**Task to carry out:**
Repeat every line of the data exactly; no picture belongs in the copy.

**Data provided:**
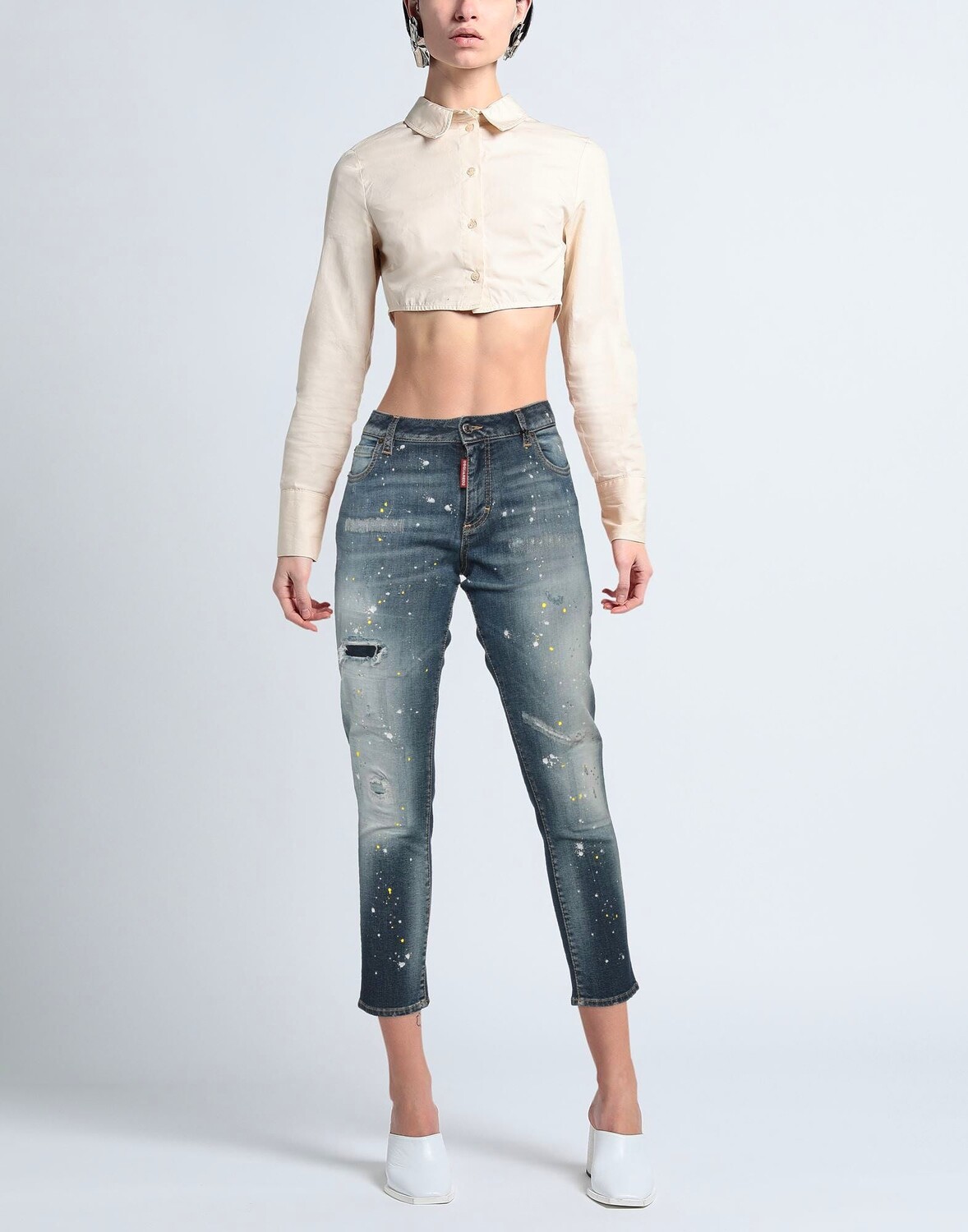 Деним, эффект пятен, рваная ткань, стразы, логотип бренда, одноцветное изделие, средняя стирка, средняя посадка, зауженные брючины, узкие брюки, застежка-молния, 1 пуговица, пять карманов, стрейч, модель скинни
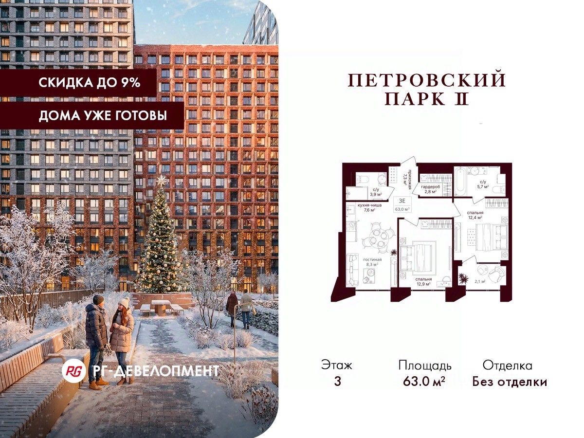 Новогодняя Скидка 9% при покупке квартиры! Цена указана с учетом максимального размера скидки.
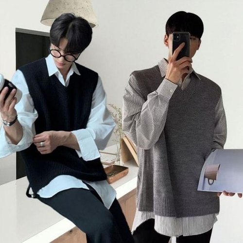조끼 레이어드 니트 남자 셔츠 패션 남친룩 훈남 WFLQ8HQ
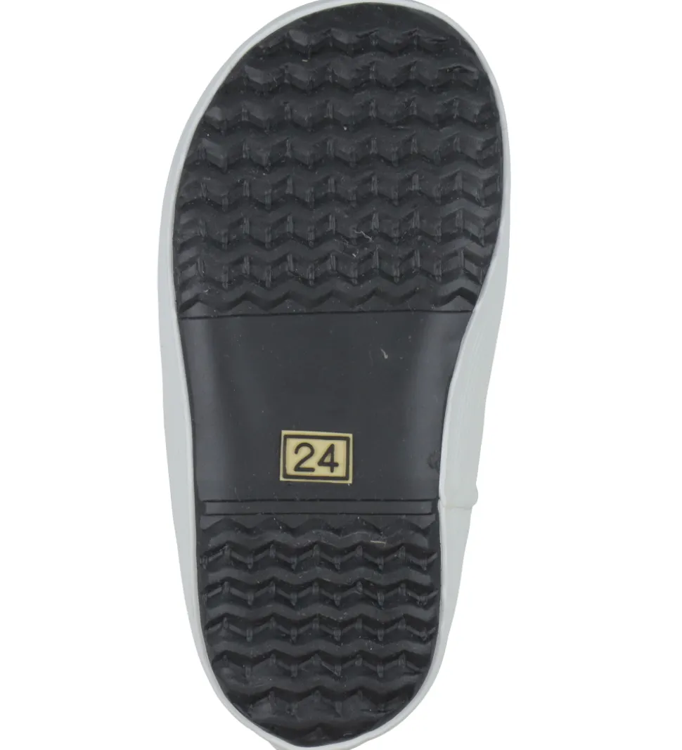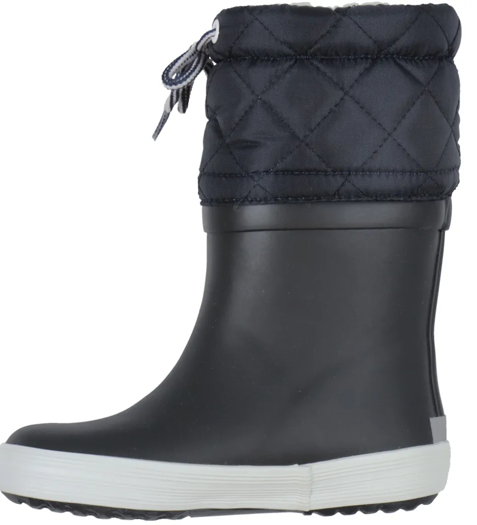 Lækre Aigle termostøvler i Giboulee-modellen i navy med en hvid stribe langs sålerne.
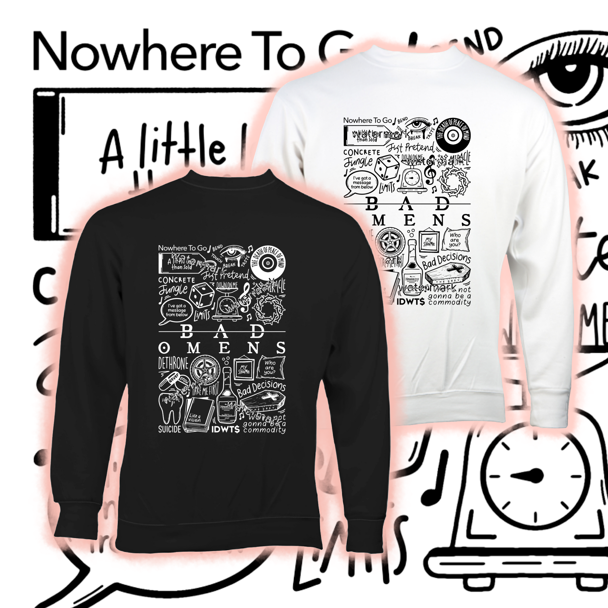 Pull unisexe Bad Omens en coton doux en noir ou blanc.
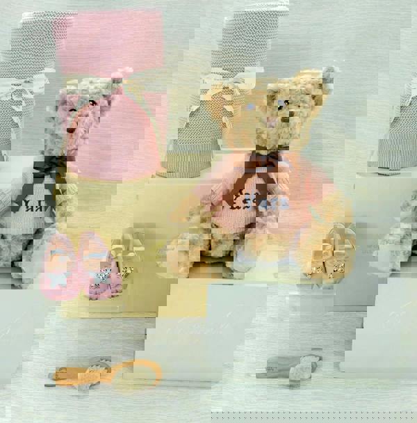 Inside, you’ll find Aruna Seth Blush Pink Satin Odette Baby Shoes alongside one of The Baby Gifting Company’s best-selling super soft 100% organic cotton (GOTS) blankets, plus a classic teddy bear and a keepsake natural hairbrush. Each item is selected for its quality and sentiment, making the set a meaningful choice for celebrating a new arrival.
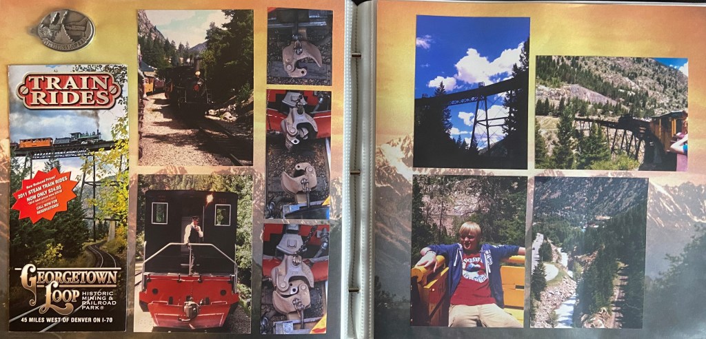The day after we went river rafting my son and I took a day trip on the Georgetown Loop Railroad. This trip is more than just a train ride as you will see on the next page – it is a full day experience. This spread through is dedicated to the parts of the day that we spent on the train!
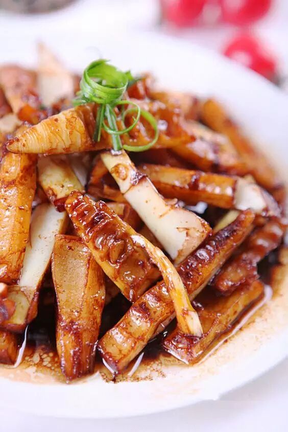 三支春笋切条,焯水沥干;起油锅,油比平时炒菜稍多,入笋大火猛炒;调入2大勺酱油和1小勺糖,别加水,炒匀后转中小火,加盖焖烧,注意需不时开盖翻炒以防糊锅;笋质塌软后,再加1大勺糖,转大火收至汤汁浓稠并出现焦糖味,即可起锅——好火候烹出的焦糖香气,是油焖菜的精髓,也是与普通的红烧最大的区别。
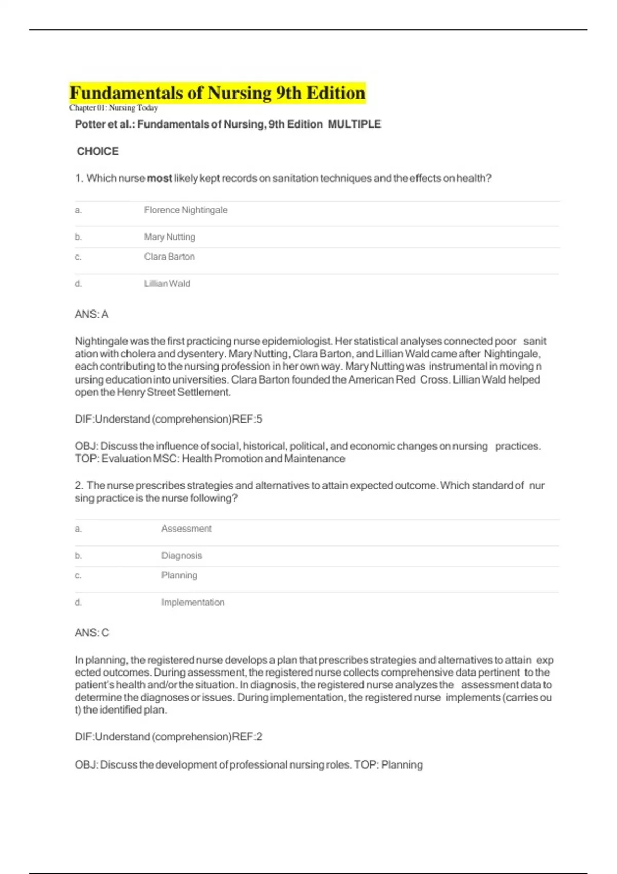 1. Whichrnursermostrlikelyrkeptrrecordsronrsanitationrtechniquesrandrthereffectsronrhealth?r

**Answer to this task:**
 Деним, эффект пятен, рваная ткань, стразы, логотип бренда, одноцветное изделие, средняя стирка, средняя посадка, зауженные брючины, узкие брюки, застежка-молния, 1 пуговица, пять карманов, стрейч, модель скинни
 Новогодняя Скидка 9% при покупке квартиры! Цена указана с учетом максимального размера скидки.
조끼 레이어드 니트 남자 셔츠 패션 남친룩 훈남 WFLQ8HQ
 Lækre Aigle termostøvler i Giboulee-modellen i navy med en hvid stribe langs sålerne.
 Pull unisexe Bad Omens en coton doux en noir ou blanc.
 Inside, you’ll find Aruna Seth Blush Pink Satin Odette Baby Shoes alongside one of The Baby Gifting Company’s best-selling super soft 100% organic cotton (GOTS) blankets, plus a classic teddy bear and a keepsake natural hairbrush. Each item is selected for its quality and sentiment, making the set a meaningful choice for celebrating a new arrival.
The day after we went river rafting my son and I took a day trip on the Georgetown Loop Railroad. This trip is more than just a train ride as you will see on the next page – it is a full day experience. This spread through is dedicated to the parts of the day that we spent on the train!
 三支春笋切条,焯水沥干;起油锅,油比平时炒菜稍多,入笋大火猛炒;调入2大勺酱油和1小勺糖,别加水,炒匀后转中小火,加盖焖烧,注意需不时开盖翻炒以防糊锅;笋质塌软后,再加1大勺糖,转大火收至汤汁浓稠并出现焦糖味,即可起锅——好火候烹出的焦糖香气,是油焖菜的精髓,也是与普通的红烧最大的区别。
 1. Whichrnursermostrlikelyrkeptrrecordsronrsanitationrtechniquesrandrthereffectsronrhealth?r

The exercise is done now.